RECORDS
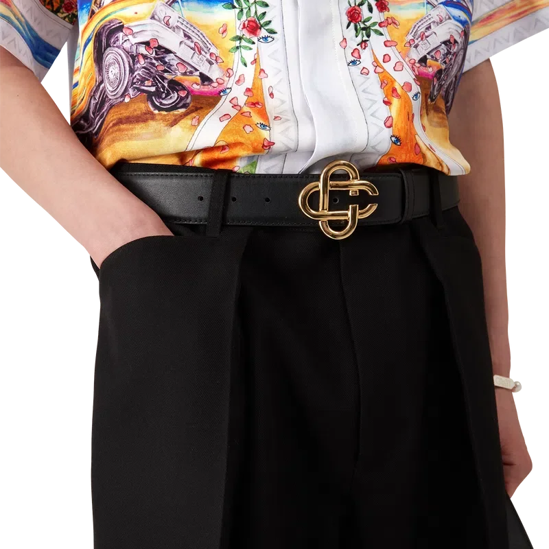 Det svarta Cc-logobältet har en rem tillverkad av italienskt getskinn. Kompletterat med husets signaturspänne med sammanflätade Cc-bokstäver, tillverkat av guldpläterad mässing.
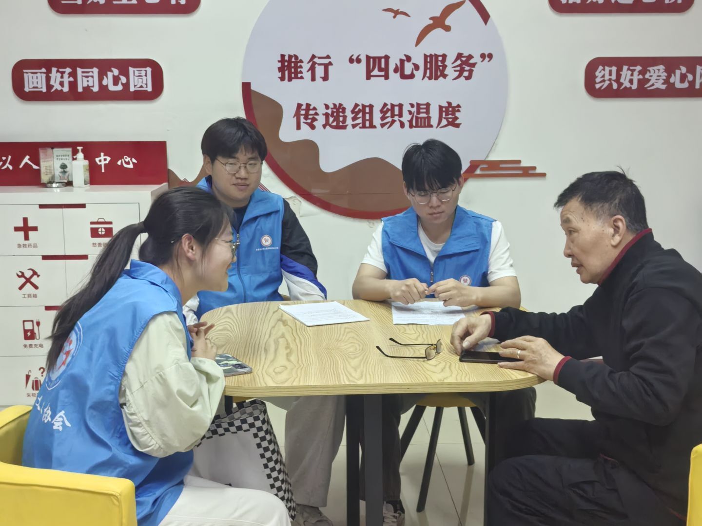 5月10日早晨,青年志愿者们早早的来到杨家门社区,准备与老党员朱老先生展开深入交谈和学习。朱老以亲身经历为教材,向志愿者们讲述了社会主义建设的热血岁月,从穷困潦倒的迷惘到和平年代的奋斗,从艰苦朴素的作风到坚定不移的信仰,老人家用质朴的语言再现了老一辈共产党人“为祖国献青春、为人民谋幸福”的赤诚初心。交谈过程中,志愿者们认真聆听、记录,并通过互动提问深入感悟奋斗精神的内涵。
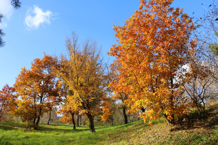 阳光从树的间隙中透过,一片深秋的风景就这样生动起来,被时光闲置的静谧空间,连文字也显得多余。
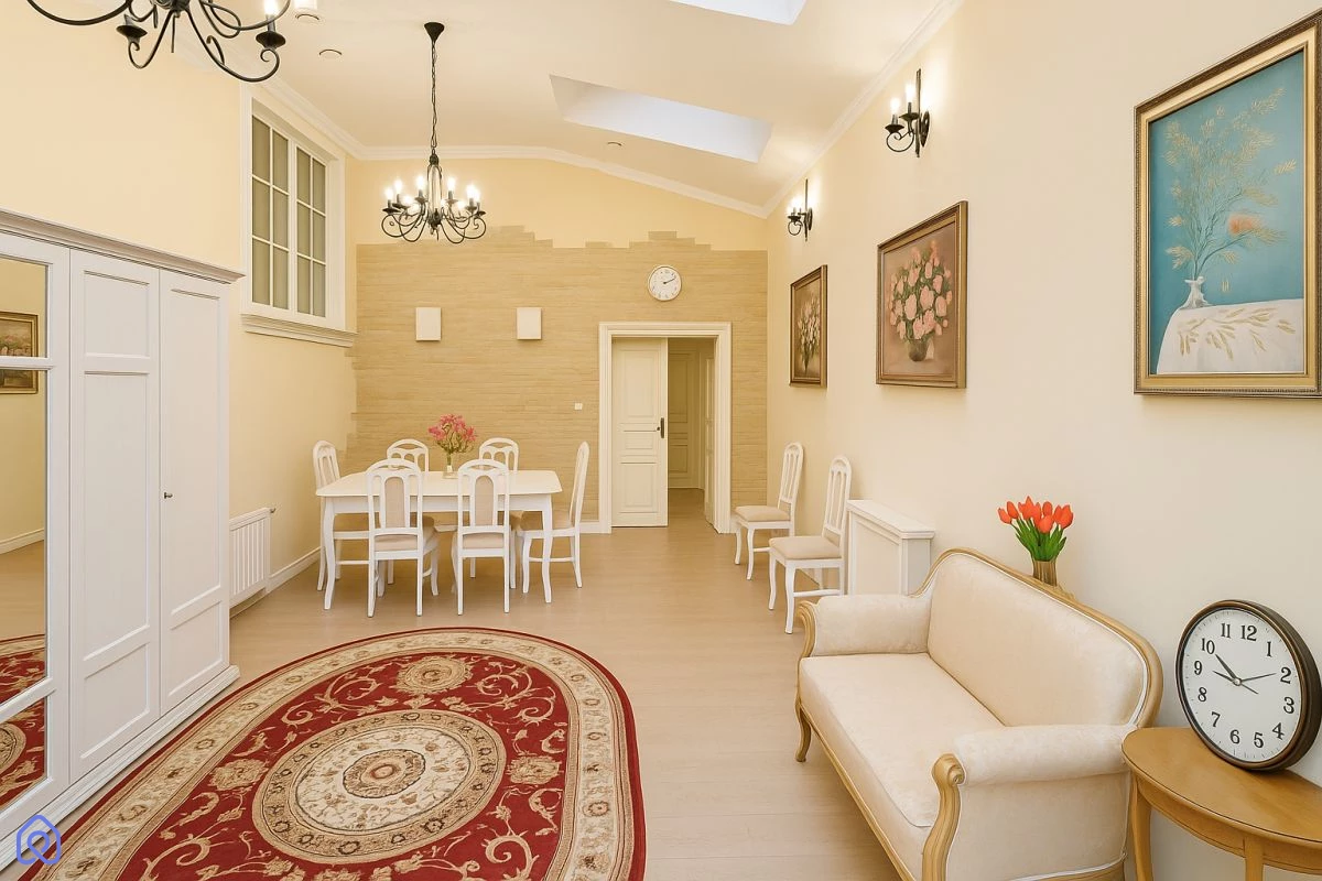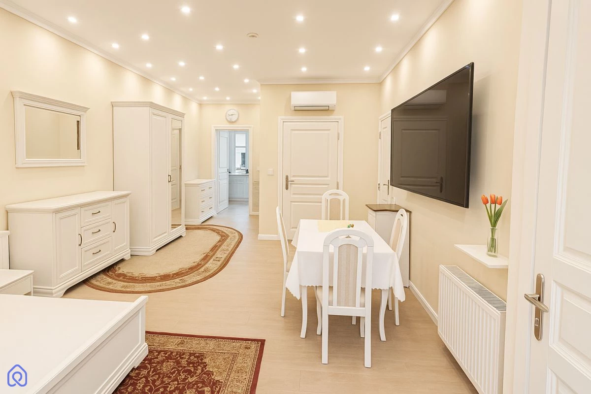 - zlokalizowane na wysokości pierwszego piętra znajduje się duże przylegające mieszkanie 2 pokoje z osobną kuchnią i łazienką. To klimatyzowany apartament o powierzchni około 120m2 o wysokim standardzie. Mieszkanie posiada osobny podjazd i osobne wejście z dwóch stron.
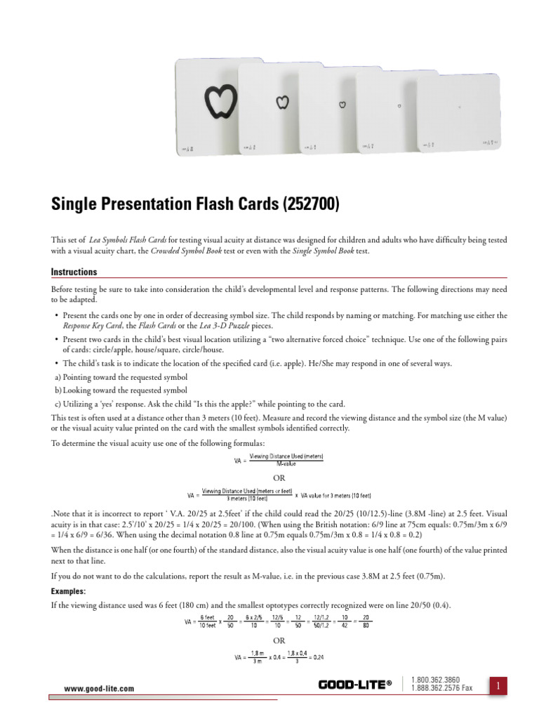 This set of Lea Symbols Flash Cards for testing visual acuity at distance was designed for children and adults who have difficulty being tested
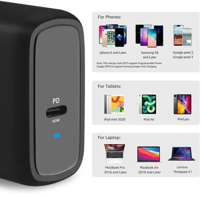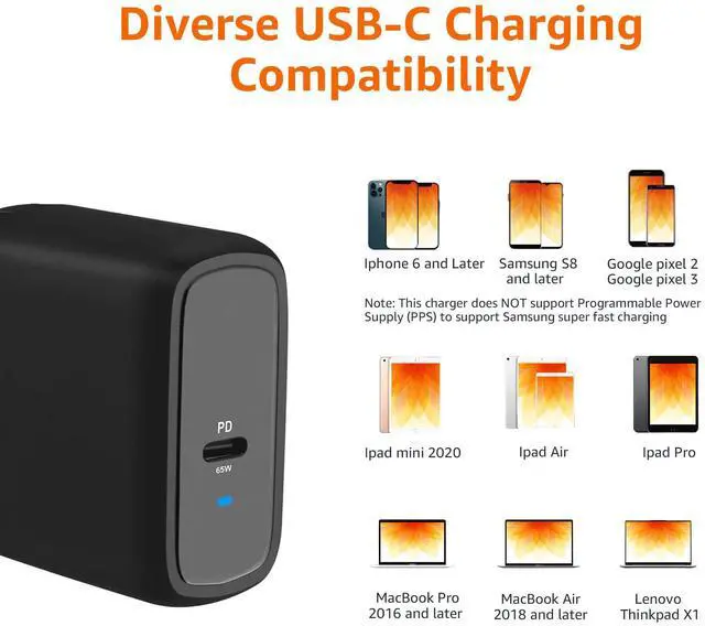 Fast charging: 65-watt USB Power Delivery PD 3.0 for high-speed charging of compatible devices, like iPhone, iPad Pro, Samsung Galaxy, MacBook Air, MacBook Pro, and more
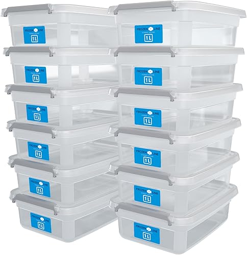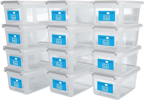 ATHLON TOOLS Lot de 12 boîtes de rangement de 2 l avec couvercle - Petites boîtes de rangement - 100 % neuves - Transparentes - Sans BPA - Boîtes empilables - Clips de fermeture gris - Presque
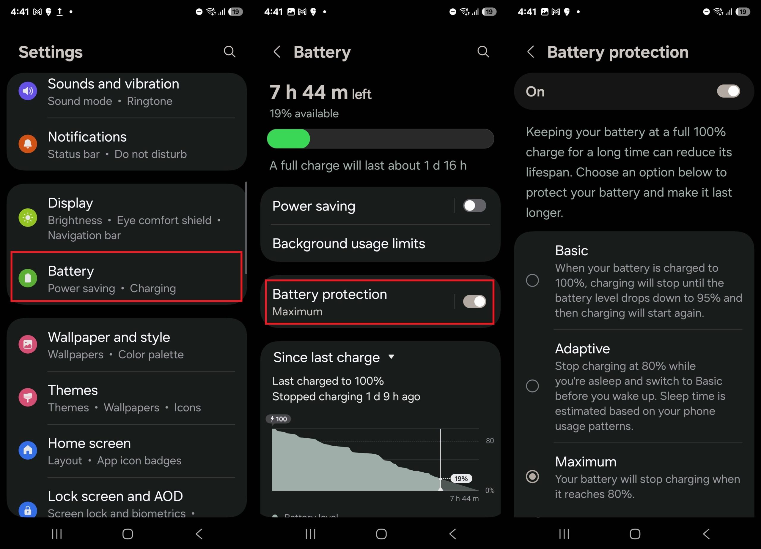 To improve the lifespan of your phone's battery, you should check out the battery protection options in the Settings » Battery » Battery protection menu.
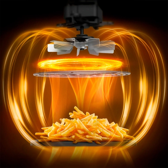 10 автоматических программ приготовления: картофель фри, курица, стейк, рыба, десерт, пицца, наггетсы, овощи, креветки и бекон.
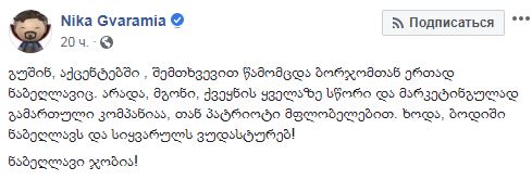 После этих слов совладельцы и партнеры грузинского телеканала Рустави-2 отказались уволить Гварамию, пишет РИА Новости. За отставку Гварамии выступала Нино Нижарадзе - владелица 9-процентной доли в компании. Однако другие акционеры отказались поддержать ее требование. "Это решение не было неожиданным, так как партнеры и сам Гварамия всегда придерживаются единого мнения… Мы считаем, что из-за инцидентов руководство канала должно быть наказано", - заявил ее адвокат.
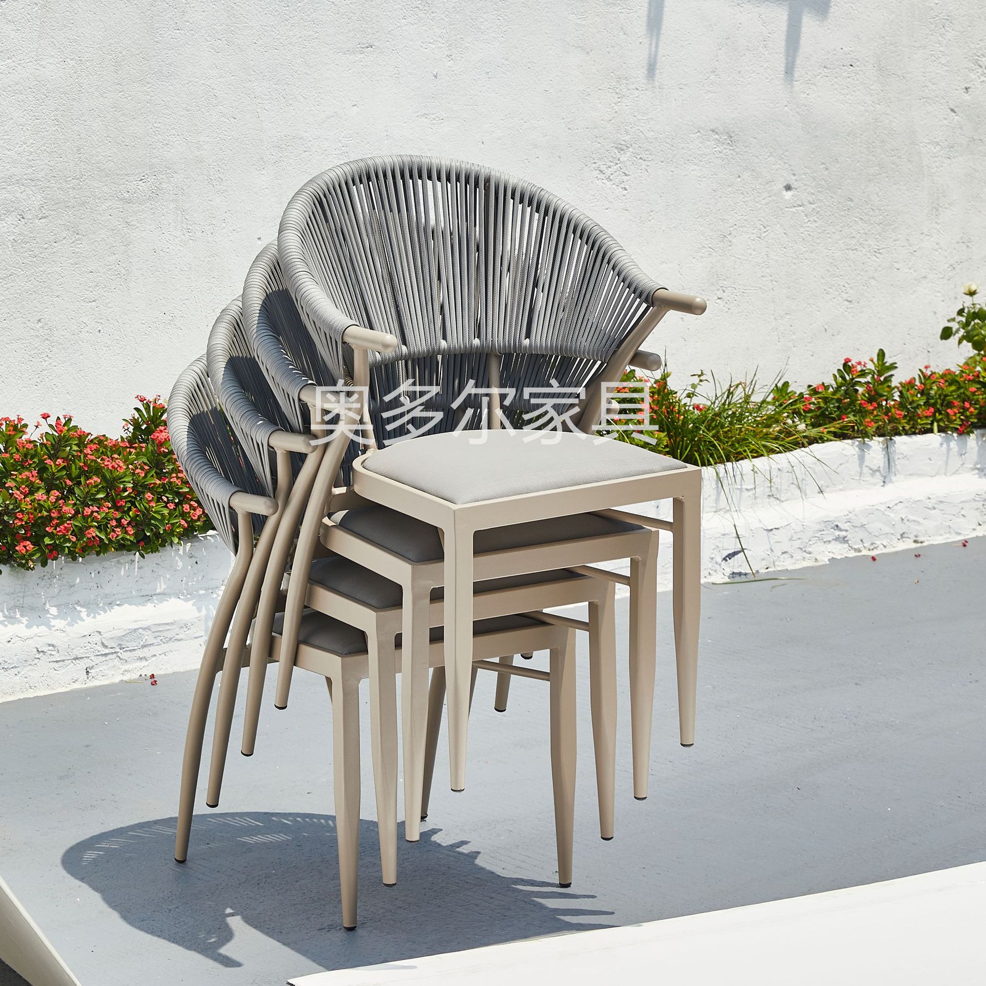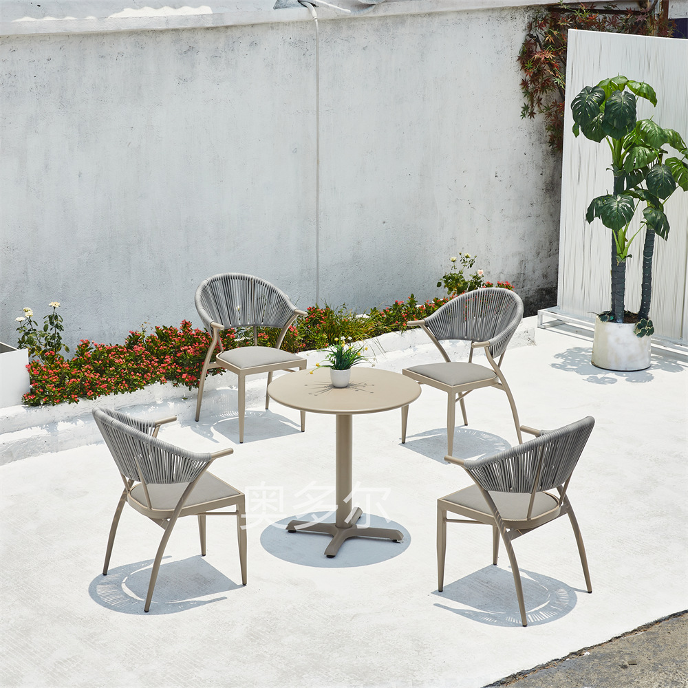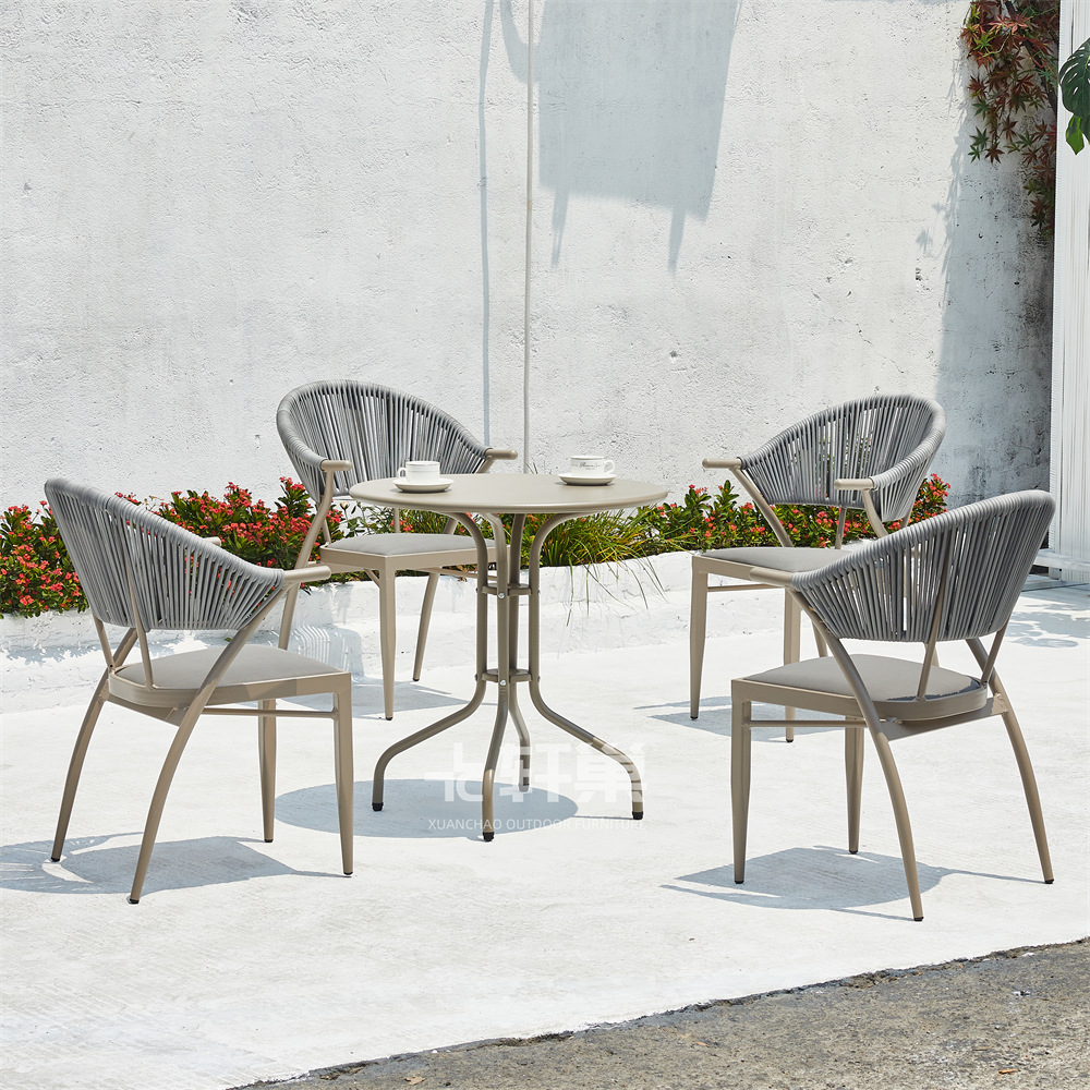 • 4 야스만 등나무 의자 70cm 더블 링 탄소 강철 라운드 테이블

TASK DETAILS
From the first line of the listing above, repeat every line through the one holding "阳光从树的间隙中透过,一片深". Both ends count, and pictures stay out.

FINISHED EXERCISE
 Det svarta Cc-logobältet har en rem tillverkad av italienskt getskinn. Kompletterat med husets signaturspänne med sammanflätade Cc-bokstäver, tillverkat av guldpläterad mässing.
 5月10日早晨,青年志愿者们早早的来到杨家门社区,准备与老党员朱老先生展开深入交谈和学习。朱老以亲身经历为教材,向志愿者们讲述了社会主义建设的热血岁月,从穷困潦倒的迷惘到和平年代的奋斗,从艰苦朴素的作风到坚定不移的信仰,老人家用质朴的语言再现了老一辈共产党人“为祖国献青春、为人民谋幸福”的赤诚初心。交谈过程中,志愿者们认真聆听、记录,并通过互动提问深入感悟奋斗精神的内涵。
 阳光从树的间隙中透过,一片深秋的风景就这样生动起来,被时光闲置的静谧空间,连文字也显得多余。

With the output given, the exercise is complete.